**What is required**
Write the entries out again exactly; any picture among them gets left out.

**Input material**
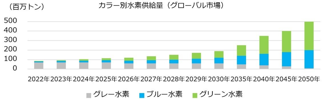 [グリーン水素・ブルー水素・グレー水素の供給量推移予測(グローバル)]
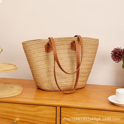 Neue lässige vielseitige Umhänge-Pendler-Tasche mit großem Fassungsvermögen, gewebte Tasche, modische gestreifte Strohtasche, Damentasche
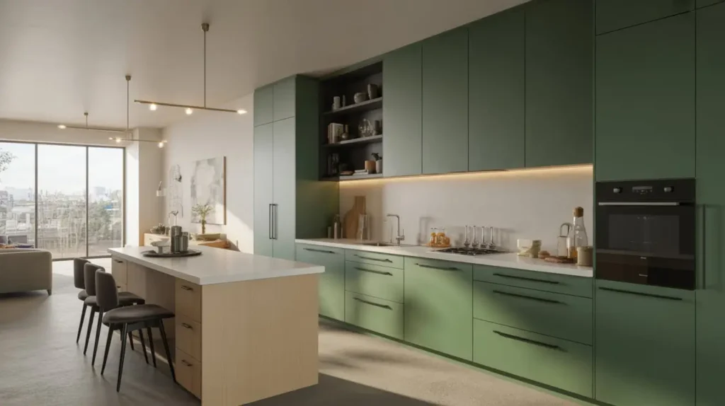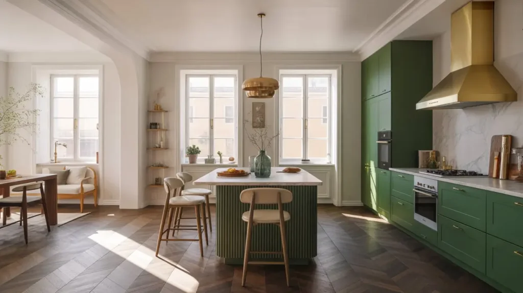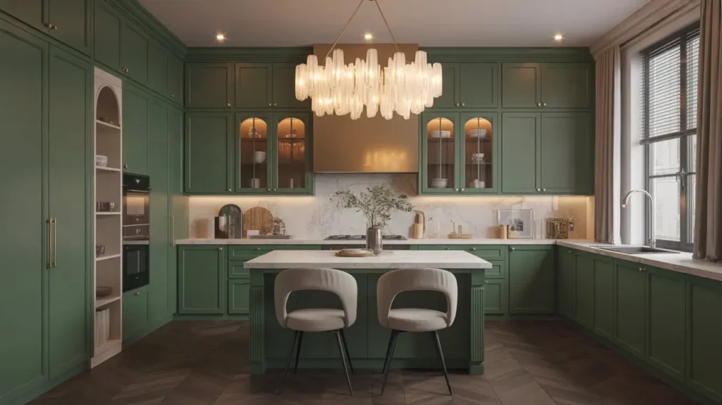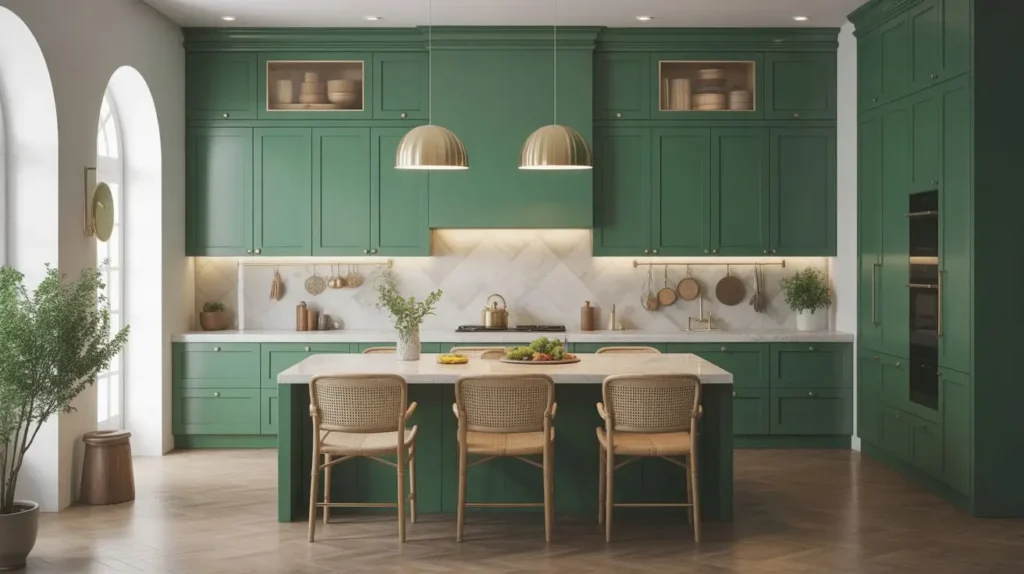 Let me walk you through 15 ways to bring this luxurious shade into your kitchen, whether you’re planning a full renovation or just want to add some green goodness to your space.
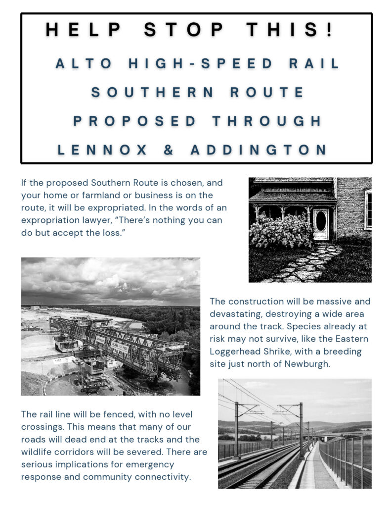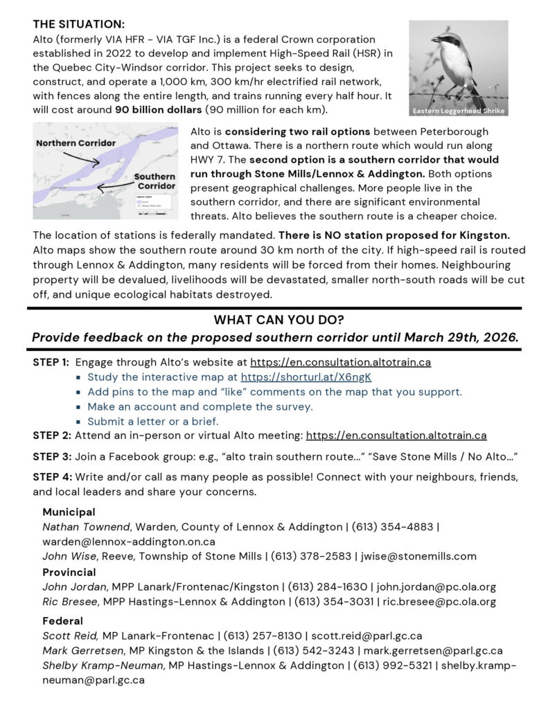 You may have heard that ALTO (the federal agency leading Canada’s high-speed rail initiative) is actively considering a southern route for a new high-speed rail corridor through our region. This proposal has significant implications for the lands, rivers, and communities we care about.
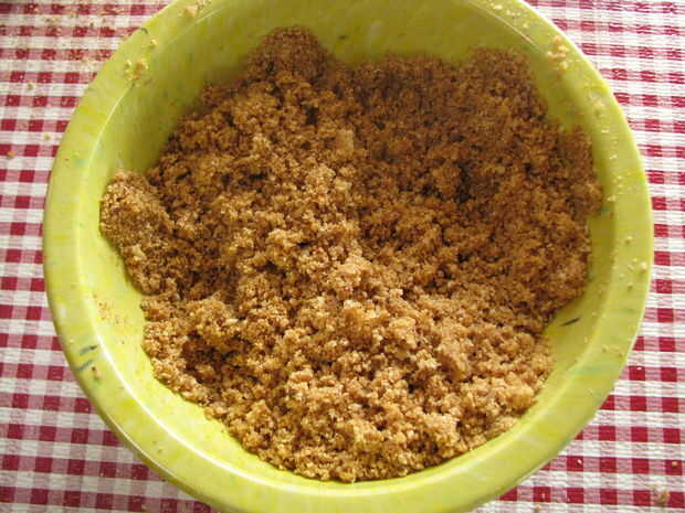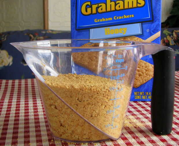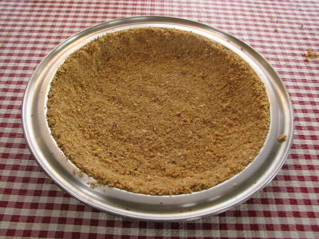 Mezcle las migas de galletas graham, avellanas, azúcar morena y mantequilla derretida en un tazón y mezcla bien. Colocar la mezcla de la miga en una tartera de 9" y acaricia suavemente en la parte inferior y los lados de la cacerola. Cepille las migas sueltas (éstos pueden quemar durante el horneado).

**Output below**
 [グリーン水素・ブルー水素・グレー水素の供給量推移予測(グローバル)]
 Neue lässige vielseitige Umhänge-Pendler-Tasche mit großem Fassungsvermögen, gewebte Tasche, modische gestreifte Strohtasche, Damentasche
 Let me walk you through 15 ways to bring this luxurious shade into your kitchen, whether you’re planning a full renovation or just want to add some green goodness to your space.
 You may have heard that ALTO (the federal agency leading Canada’s high-speed rail initiative) is actively considering a southern route for a new high-speed rail corridor through our region. This proposal has significant implications for the lands, rivers, and communities we care about.
 Mezcle las migas de galletas graham, avellanas, azúcar morena y mantequilla derretida en un tazón y mezcla bien. Colocar la mezcla de la miga en una tartera de 9" y acaricia suavemente en la parte inferior y los lados de la cacerola. Cepille las migas sueltas (éstos pueden quemar durante el horneado).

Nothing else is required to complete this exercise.